## About this task
Which lines run from the one containing "七下数学湘教 第五章 轴对称与旋转单元测试卷(含答案)QXSXXJ-0101" to the end of the material below? Copy them exactly, pictures excluded.

## Supplied information
* * * *

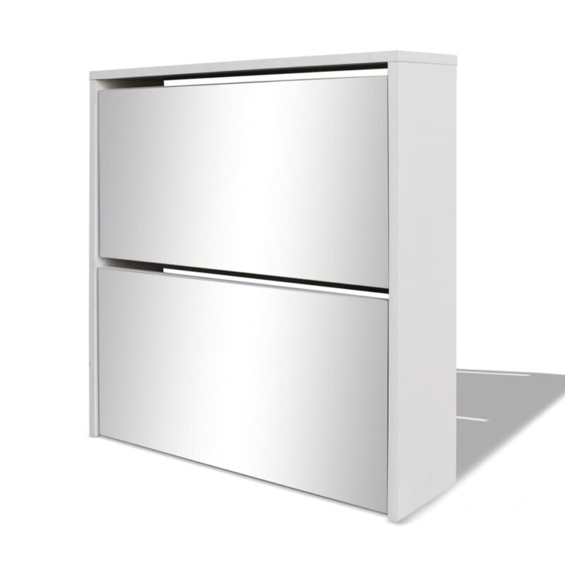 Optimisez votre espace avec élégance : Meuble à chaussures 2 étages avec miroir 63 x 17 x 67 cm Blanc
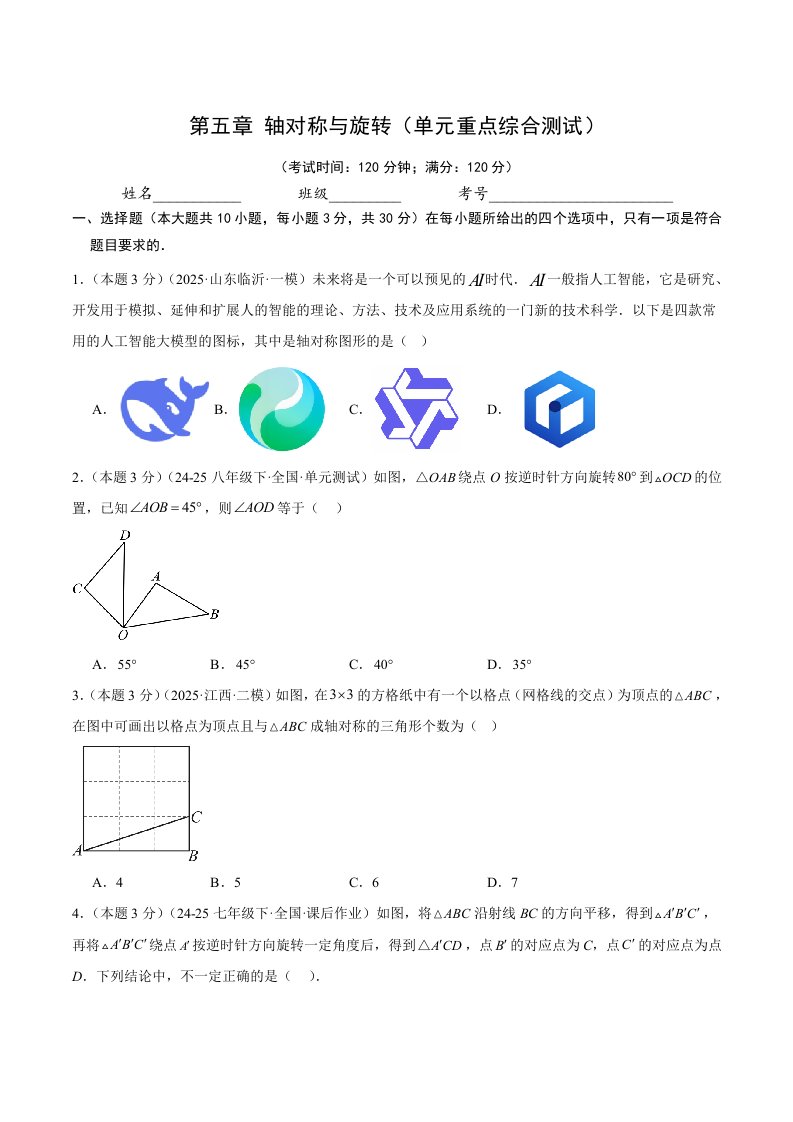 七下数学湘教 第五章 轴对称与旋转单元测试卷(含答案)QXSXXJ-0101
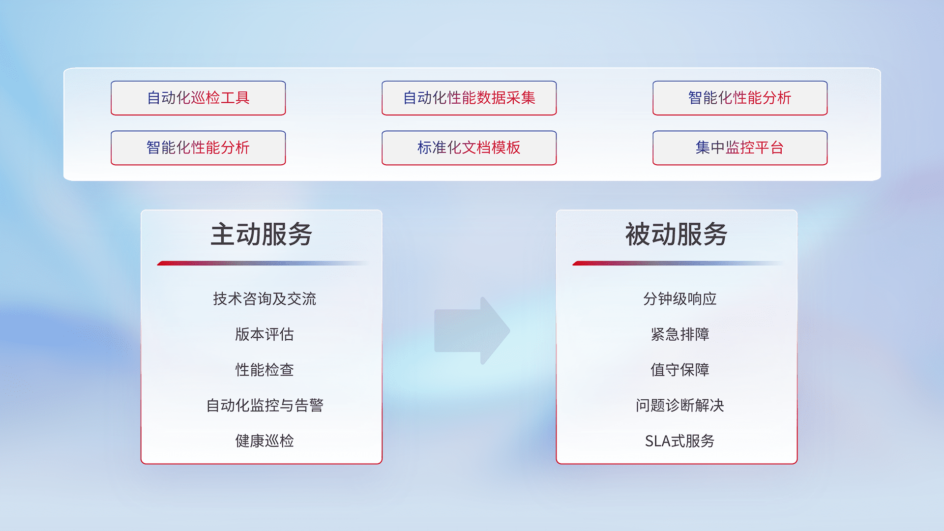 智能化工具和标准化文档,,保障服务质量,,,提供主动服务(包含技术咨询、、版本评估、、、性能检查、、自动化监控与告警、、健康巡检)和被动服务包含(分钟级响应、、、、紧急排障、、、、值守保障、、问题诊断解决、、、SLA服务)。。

* * * *

## Task response
 七下数学湘教 第五章 轴对称与旋转单元测试卷(含答案)QXSXXJ-0101
 智能化工具和标准化文档,,保障服务质量,,,提供主动服务(包含技术咨询、、版本评估、、、性能检查、、自动化监控与告警、、健康巡检)和被动服务包含(分钟级响应、、、、紧急排障、、、、值守保障、、问题诊断解决、、、SLA服务)。。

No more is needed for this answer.